Le VIX index est le plus souvent utilisé comme un indicateur des niveaux futurs du marché. Un opérateur peut aussi spéculer sur l’évolution du VIX au travers de produits dérivés (futures et options) listés sur le CBOE.

Il est très important de souligner que la plupart des investisseurs institutionnels qui détiennent des actions en direct se servent des options pour protéger leur portefeuille. L’activité de ces investisseurs (fonds de pension, compagnies d’assurance, organismes de placement collectif…) à l’achat est donc d’abord liée aux achats de puts ! L'augmentation du VIX survient alors quand les investisseurs achètent beaucoup de puts, pensant que les marchés sont incertains et qu’un danger de chute s’approche. Le fait que la panique est contagieuse explique que la volatilité ait tendance à se conserver d’une séance sur l’autre. Cependant, il a été montré à plusieurs reprises qu’une augmentation du VIX index ne conduisait pas nécessairement à une baisse des marchés. Les marchés sont plus volatiles certes, les investisseurs se couvrent, le VIX se conserve et un phénomène auto-catalytique se produit, mais ce n’est pas pour autant que les marchés vont s'effondrer. D’où la nécessité de coupler l’analyse du VIX avec les autres indicateurs cités précédemment dans cet article.

Une ouverture

En étudiant les deux premiers indicateurs (accueil des taux de surprise par le marché sur le Q4 2019 et inversement de la courbe des taux) on remarque que tout portait à croire qu’une crise d’ampleur allait surprendre les marchés sur le début d’année 2020. Or cette crise financière s’est faite attendre et une crise sanitaire est survenue. C’est d’ailleurs seulement à ce moment (le 2 mars 2020 exactement) que le VIX s’est mis à exploser. Mais les causes de l’effondrement des marchés ne sont pas comparables aux crises historiques. Tout de même, un investisseur ayant suivi cette démarche en ajoutant une note de bon sens aurait pu anticiper que cette crise sanitaire, intervenue dans une économie vacillante, allait avoir un impact significatif sur les marchés. Finalement, cette crise n’a été que de courte durée sur les marchés. La reprise en V a eu lieu et n’y a pas véritablement eu un reset (peut-être nécessaire) de l’économie. D’ailleurs, l’immobilier a même bénéficié de cette crise et le prix des logements par rapport au pouvoir d’achat des consommateurs reste extraordinairement élevé. Tout cela est plutôt inquiétant, d'autant plus que le conflit Russie/Ukraine va certainement retarder le resserrement nécessaire des politiques monétaires conduites par la FED et la BCE.

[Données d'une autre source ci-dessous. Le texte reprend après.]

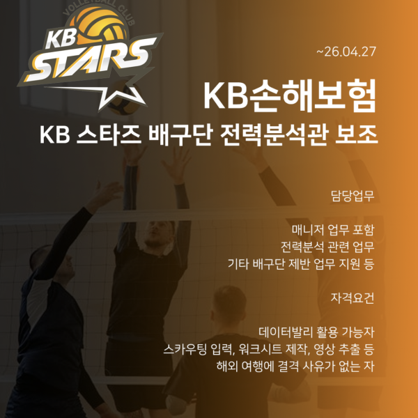 [KB손해보험 스타즈 배구단] 트레이너 채용 모집 공고(경력 무관)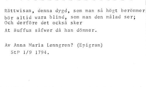 Rättwisan, denna dygd, som man så högt berömmer, //// bör altid wara blind, som man den målad ser; Och derföre det också sker //// At Buffus såfwer då han dömmer. //// Av Anna Maria Lenngren? (Epigram) StP 1/9 1794.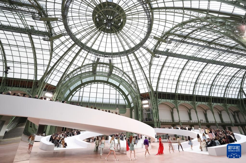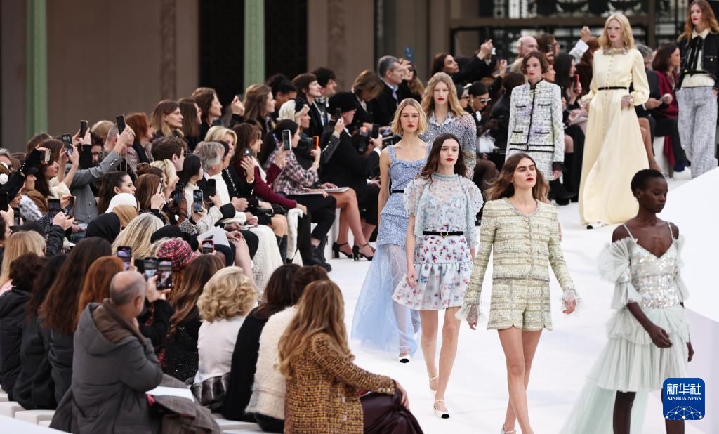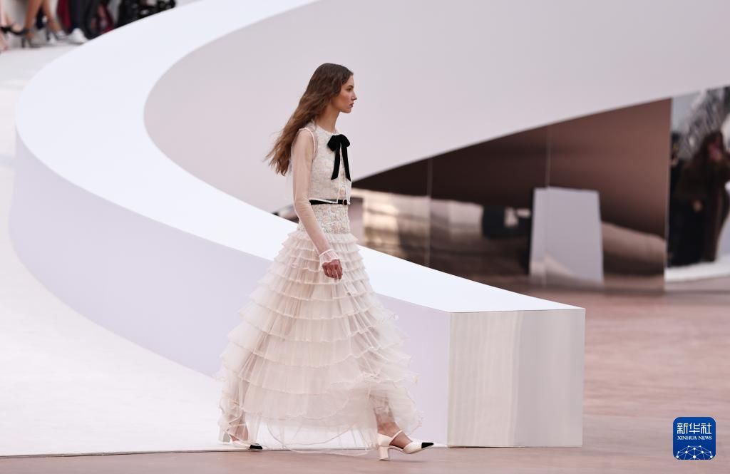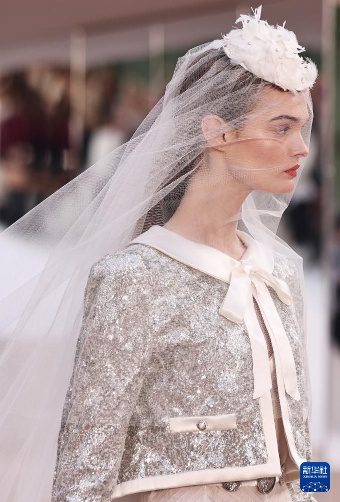 法国2025巴黎春夏高级定制周于1月27日至30日举行。图为1月28日,模特在巴黎高级定制周上展示法国品牌香奈儿2025春夏新品。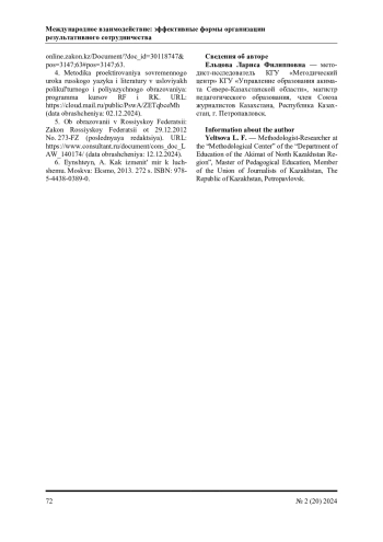 4. Методика проектирования современного урока русского языка и литературы в условиях поликультурного и полиязычного образования: программа курсов РФ и РК. - URL: https://cloud.mail.ru/public/PswA/ZETqbceMh (дата обращения: 02.12.2024).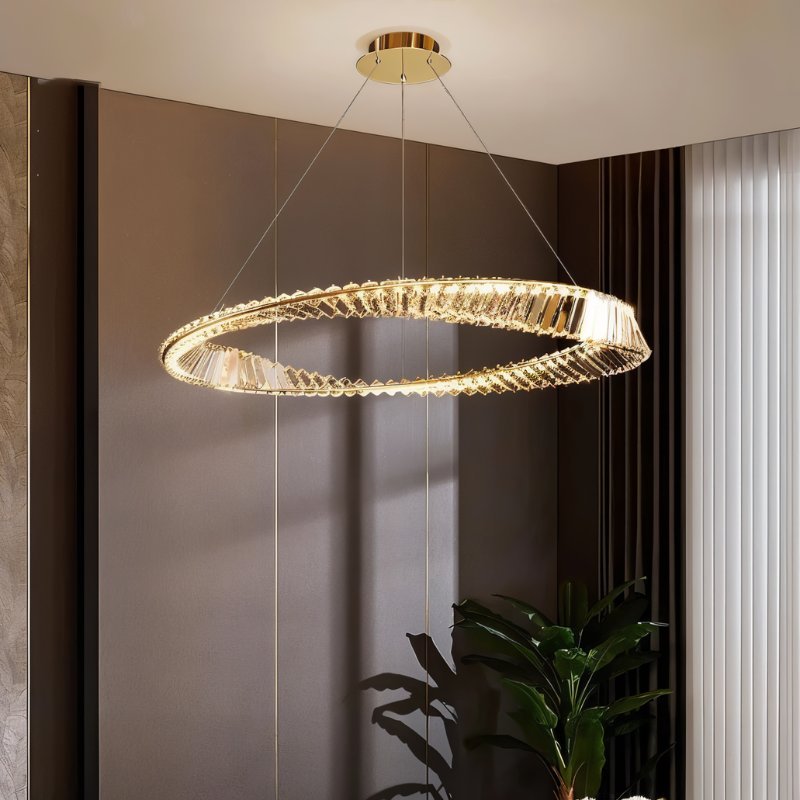 Metal rings and a crystal lampshade bring a refined, stylish look to any room.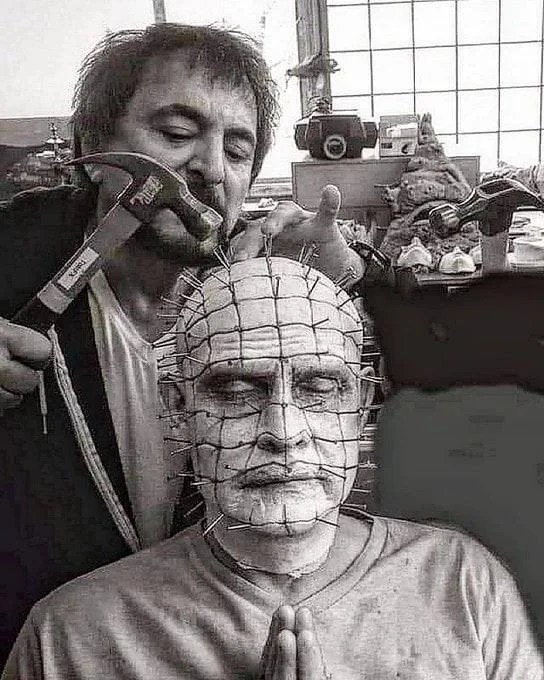 7. Том Савини приобрел известность благодаря роли Секс-машины в фильме Роберта Родригеса «От заката до рассвета» (1995), однако его основная профессия — постановщик спецэффектов и гримёр. На фотографии он изображен за работой, создавая образ знаменитого Пинхеда (хотя это не для этого фильма).

Les indicateurs présentés dans cet article sont, à mon sens, bien plus intéressant que l’étude des niveaux de valorisation des marchés. Pour rappel, il est idiot de comparer les niveaux de valorisation (PEG par exemple) de 2022 avec ceux des années 1980, époque où le rendement sans risque était supérieur à 10%. C’est donc tout à fait normal qu’un rendement de 20% en 2022 coûte bien plus cher qu’un rendement de 20% en 1980.